Afternoon: Lanquin Caves (Grutas de Lanquin)
A massive cave system at the source of the Lanquin River. Entry GTQ30 (~US$4). Impressive stalactites and a resident bat colony. The cave is partially lit, but bring a headlamp for the deeper sections.
The real show comes at sunset, when thousands of bats pour from the cave mouth in a spiraling cloud. They stream out in a continuous ribbon for 10-15 minutes, spinning in a tight spiral before dispersing into the twilight sky. It's silent except for the rush of small wings. One of those moments that leaves your mouth open.
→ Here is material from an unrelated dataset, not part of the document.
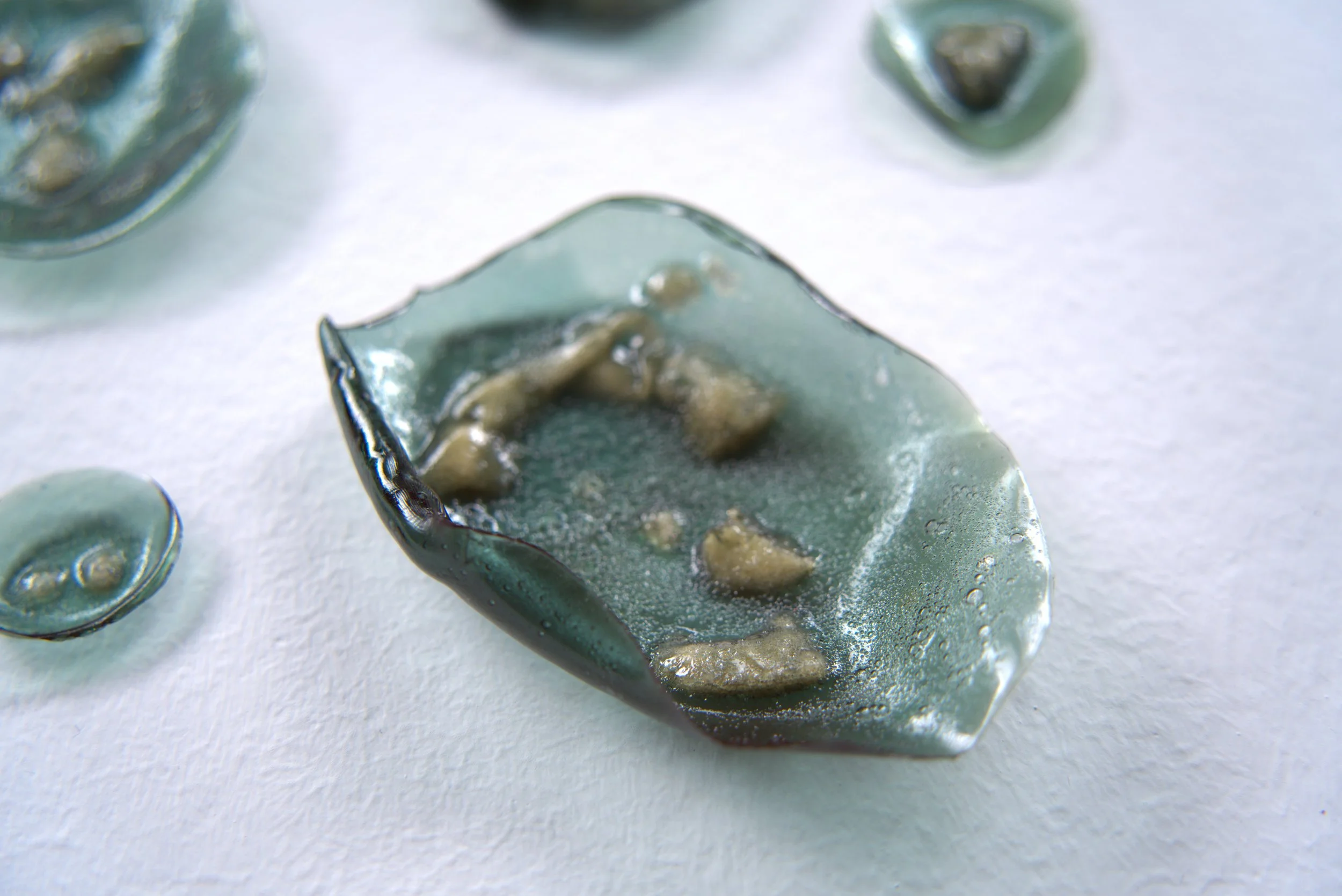 Description: Big embroidery clusters with bioplastic sculptures on natural dyed base

Evening: Jungle Night Walk
Q'eqchi' Maya guides lead nocturnal jungle walks from the Lanquin hostels. US$10. Two hours with headlamps turns up a tarantula the size of your palm, three species of tree frog, a coral snake (from a safe distance), and bioluminescent fungi glowing faintly on rotting logs.
The guide identifies every animal in both Q'eqchi' and English. His command of the forest — medicinal plants, animal behavior, seasonal patterns — is the most impressive thing you'll encounter in Guatemala. Rubber boots provided.
The Departure
The shuttle back to Coban leaves at 8 AM. Same road. Same craters. Same grip-the-dashboard technique. But this time the discomfort feels earned — the difficulty of access is part of what makes Semuc Champey what it is.
From Coban, buses run to Antigua (5-6 hours, ~US$10). Paved road. Air conditioning. Sleep comes within minutes.
Three days. Turquoise limestone pools. A candlelit cave river. River tubing. 10,000 bats at sunset. Bioluminescent fungi. For US$106.
Semuc Champey is not easy to get to. That's the entire point.
If you're exploring more of Central America, Antigua Guatemala offers a completely different experience worth considering.
If you're exploring more of Central America, Lake Atitlan offers a completely different experience worth considering.
If you're exploring more of Central America, Granada, Nicaragua offers a completely different experience worth considering.
If you're exploring more of Central America, Belize offers a completely different experience worth considering.
Would You Go Back?
Absolutely — and February or March is the window, when the pools reach their clearest turquoise and the road is at its driest (still awful, just less awful). Choose El Retiro over Zephyr for a quieter stay closer to the river. Pack better shoes; the slippery rocks at the pools demand proper grip.